In case of skin reactions and / or reactions from the mucous membranes, it is necessary to cancel the drug and immediately begin the procedure of "laundering". It is necessary to achieve complete removal of leflunomide from the body. In such cases, the repeated administration of leflunomide is contraindicated.
Infections
It is known that preparations like leflunomide and possessing immunosuppressive properties,make patients more susceptible to various kinds of infections, including opportunistic infections (infections caused by fungi and microorganisms that can cause infections only in conditions of reduced immunity). Emerging infectious diseases occur, as a rule, hard and require early and intensive treatment. If a serious infectious disease occurs, it may be necessary to interrupt treatment with leflunomide and begin the procedure of "laundering".
It is necessary to carefully monitor patients with a positive reaction to tuberculin because of the risk of reactivation of tuberculosis.
Reactions from the respiratory system
In the treatment with leflunomide, rare cases of interstitial pulmonary process were noted. The risk of occurrence increases in patients with a history of interstitial lung diseases. Interstitial lung diseases are diseases with a potential fatal outcome, which can be acute in patients receiving treatment. Symptoms such as coughing and shortness of breath can cause cessation of leflunomide therapy and further examination if necessary.
Peripheral Neuropathy
There were reports of cases of peripheral neuropathy in patients treated with leflunomide, which was resolved in most patients after discontinuation, but in some patients the symptomatology persisted.

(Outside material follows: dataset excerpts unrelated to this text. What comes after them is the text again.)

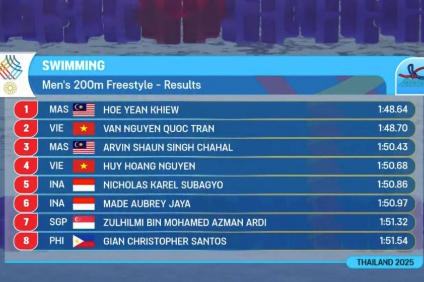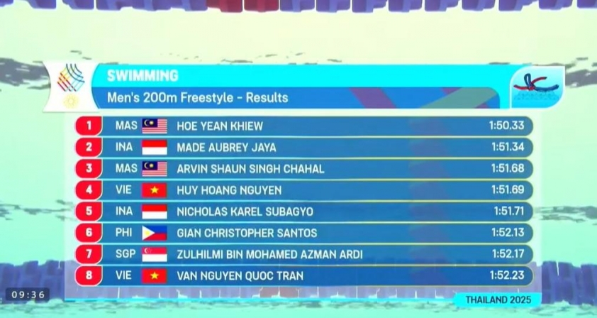 9h36: Bơi - Kết quả vòng loại 200m tự do Nam - Việt Nam vào chung kết
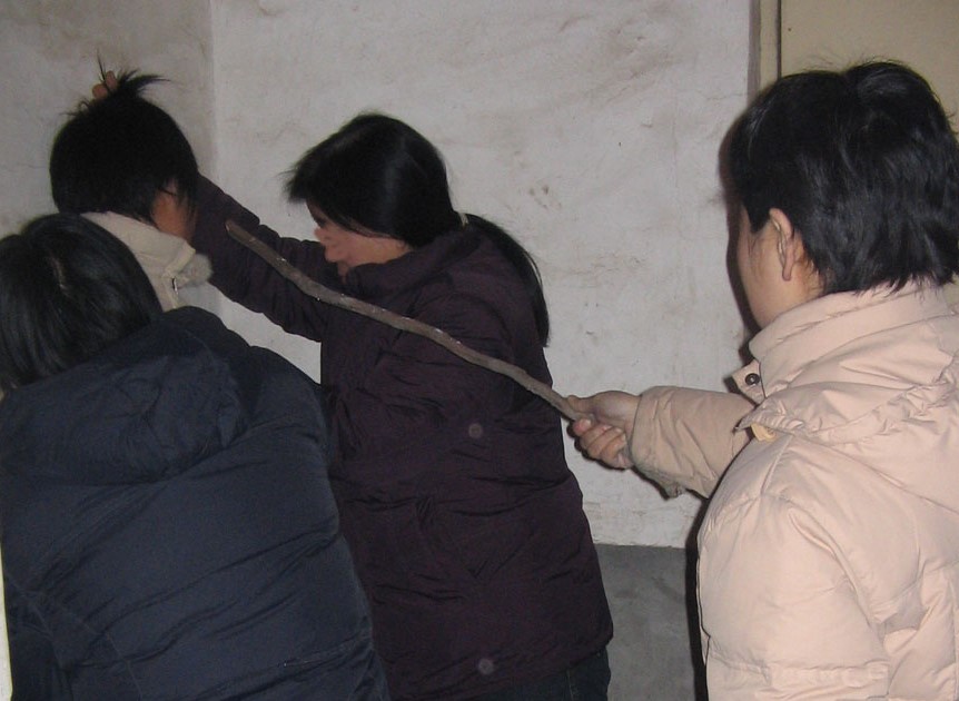 演示图5 (以上为模拟当初邪恶之徒迫害大法弟子的照片,有一些道具是后期合成的。)
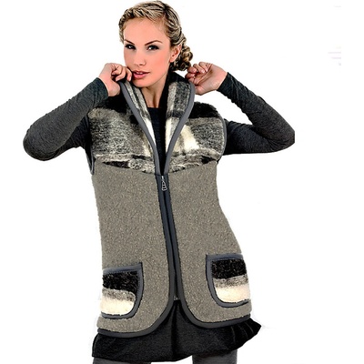 Moderní vesta z ovčí vlny dvoubarevná se zapínáním na kolíkové knoflíky je v široké oblibě u všech generací díky tepelným vlastnostem vlny, elegantnosti a kvalitním provedením....
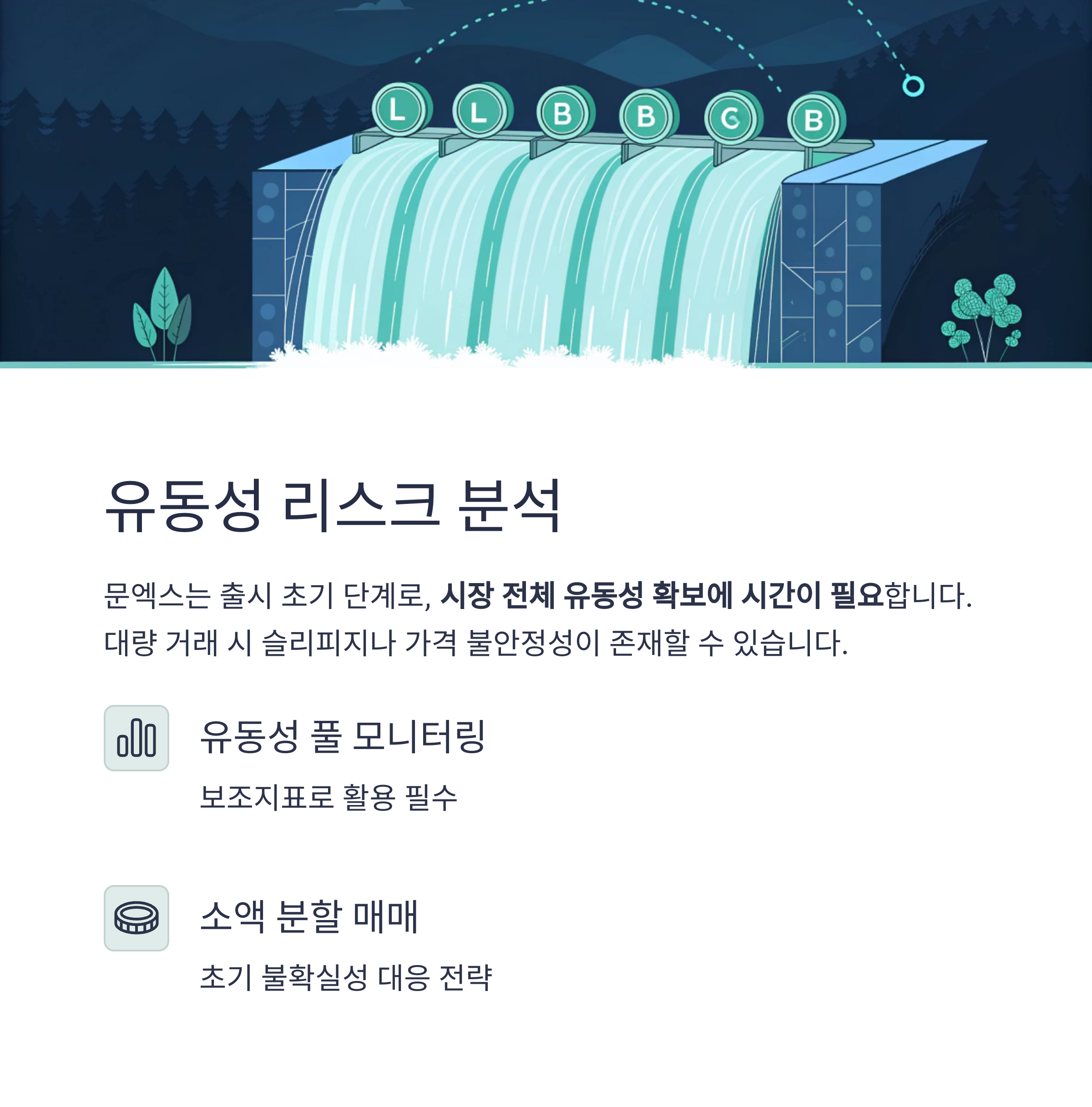 문엑스는 출시 초기 단계이므로, 아직 시장 전체 유동성 확보에는 시간이 필요합니다.

Age over 60 years, the concomitant use of neurotoxic drugs and diabetes mellitus may increase the risk of peripheral neuropathy. In the development of peripheral neuropathy, consideration should be given to discontinuing leflunomide treatment and conducting the "laundering" procedure described in the section on "Application during pregnancy and during breastfeeding".
Arterial pressure
Before the beginning of treatment with leflunomide and periodically after its beginning, it is necessary to control blood pressure, as during treatment it is possible to increase it.
Interaction with other drugs
Caution should be exercised in prescribing drugs metabolized by isoenzyme CYP2C9 (phenytoin, warfarin, tolbutamide), with the exception of NSAIDs (also see "Interactions with Other Drugs"). An increase in prothrombin time was reported with the simultaneous use of leflunomide and warfarin.When used simultaneously with warfarin, the international normalized relationship (MNO) should be closely monitored. Because the leflunomide is the starting compound for teriflunomide, the combined administration of leflunomide with teriflunomide is not recommended.
Recommendations for men
There are no confirmed data on the increased risk of fetotoxic action (associated with the toxic effect of the drug on the sperm of the father) when leflunomide is used in men. Experimental studies in animals have not been conducted. To minimize the possible risk to men, when planning the appearance of a child, it is necessary to stop taking leflunomide and undergo the procedure of "laundering" described in the section "Use during pregnancy during breastfeeding".